Qwen2.5-1.5B fine-tuned with episodic GRPO to resolve multi-domain life crises

Built for the Meta Γ— HuggingFace PyTorch OpenEnv Hackathon 2026 Team BholeChature β€” Scaler School of Technology, Bangalore

GitHub HF Space OpenEnv Colab


The Friday 6:00 PM Problem

It's Friday evening. Your flight home was just cancelled. You open your banking app to rebook β€” your card is declined due to a "security flag." Simultaneously, a Slack notification: your boss moved Monday's 9:00 AM deadline to Sunday afternoon. You have $200 in cash, five hours of usable energy, and four different people expecting you in different places.

You turn to your AI assistant. It finds a cheaper flight β€” a 12-hour layover that kills your weekend. You ask it to message your boss, but the tone sounds defensive, triggering a "clarification" meeting that eats more of your time. Every "solution" applied in isolation creates a new wound elsewhere.

This is a Life Problem β€” cascading, interconnected, resource-constrained. No existing AI environment was built to handle it. We built LifeStack.


What is This Model?

This is v4 of our LoRA adapter for Qwen/Qwen2.5-1.5B-Instruct, fine-tuned using episodic GRPO (Group Relative Policy Optimization) via TRL 0.15.1 + Unsloth 2026.4.8 on the LifeStack environment β€” an OpenEnv-compatible RL environment with 23 interdependent metrics across 6 life-metric domains, connected by a 32-edge directed dependency graph. Training tasks are sampled across 8 task domains (the 6 life domains + transport_crisis + code_merge_crisis).

Given a structured life crisis, the model outputs a single JSON action plan:

{
  "action_type": "negotiate",
  "target_domain": "career",
  "metric_changes": {"career.workload": -10.0, "mental_wellbeing.stress_level": -5.0},
  "resource_cost": {"time": 0.5, "money": 0.0, "energy": 5.0},
  "reasoning": "Request deadline extension before financial situation worsens"
}

v4 is the active production model powering the live HF Space demo.


Training Evidence

Reward Curve (v4 β€” real run from train_run_v4.log)

Reward Curve

Loss Curve

Loss Curve

Per-Function Reward Components

Reward Components

4-Panel Training Summary

Training Summary

Raw training log: train_run_v4.log (109 kB β€” full Unsloth/TRL output)

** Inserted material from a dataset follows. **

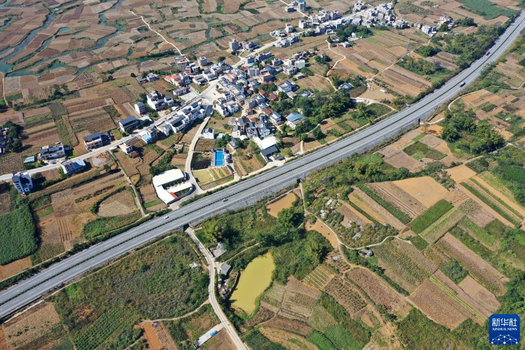 这是广西都安瑶族自治县境内的都安至河池高速公路及乡村道路(12月1日摄,无人机照片)。

v4 Key Training Metrics (Stage 3 final)

Metric Value
Peak GRPO reward 0.856
Format reward (peak) +0.660
Episode return (avg) +0.140
Natural EOS terminations First appeared (model self-terminating after JSON)
Training time ~2 hrs (3 stages Γ— ~39 min on A100 80GB)
Training hardware A100 80GB
Framework TRL 0.15.1 + Unsloth 2026.4.8 + Transformers 5.5.0

The Full Training Story

We did not get here in one clean run. Here is the honest story of every iteration.

Run Key Fix Reward
Base (no LoRA) β€” βˆ’0.07 eval
Run 1 β€” (broken JSON parser) βˆ’0.47 eval β€” 571% worse than base
Run 2 Shorter completions βˆ’0.41 eval
Run 3 Greedy regex re.search(r'\{.*\}', text, re.DOTALL) βˆ’0.010 β€” first real learning
Run 4 (v1) 5-stage curriculum βˆ’0.100 eval β€” consistency ↑
v3 Episodic GRPO horizon=3 +0.140 ep. return β€” new multi-step capability
v4 Dropped dead-weight reward, doubled episode return weight 0.856 peak

The single fix that unlocked learning (Run 3):

# Before β€” always failed on trailing text:
data = json.loads(completion)

# After β€” extract first complete JSON object (greedy = critical for nested objects):
match = re.search(r'\{.*\}', completion, re.DOTALL)
data = json.loads(match.group())

Why greedy (.*) and not non-greedy (.*?)? Non-greedy stops at the first } β€” breaking on any nested object like "resource_cost": {"time": 1}. Greedy takes the outermost {...}.


Model Architecture

Property Value
Base model Qwen/Qwen2.5-1.5B-Instruct
Adapter type LoRA (r=16, alpha=16)
Target modules q_proj, k_proj, v_proj, o_proj, gate_proj, up_proj, down_proj
Trainable parameters 18,464,768 / 1,562,179,072 (1.18%)
Adapter size ~74 MB
Training hardware A100 80GB
Precision BF16
Framework TRL 0.15.1 + Unsloth 2026.4.8 + Transformers 5.5.0

Training: 3-Stage Episodic GRPO Curriculum

v4 uses episodic training β€” the model sees a 3-step sequence, observes the environment state change after each action, and is scored on discounted trajectory return. This is fundamentally harder than single-step scoring.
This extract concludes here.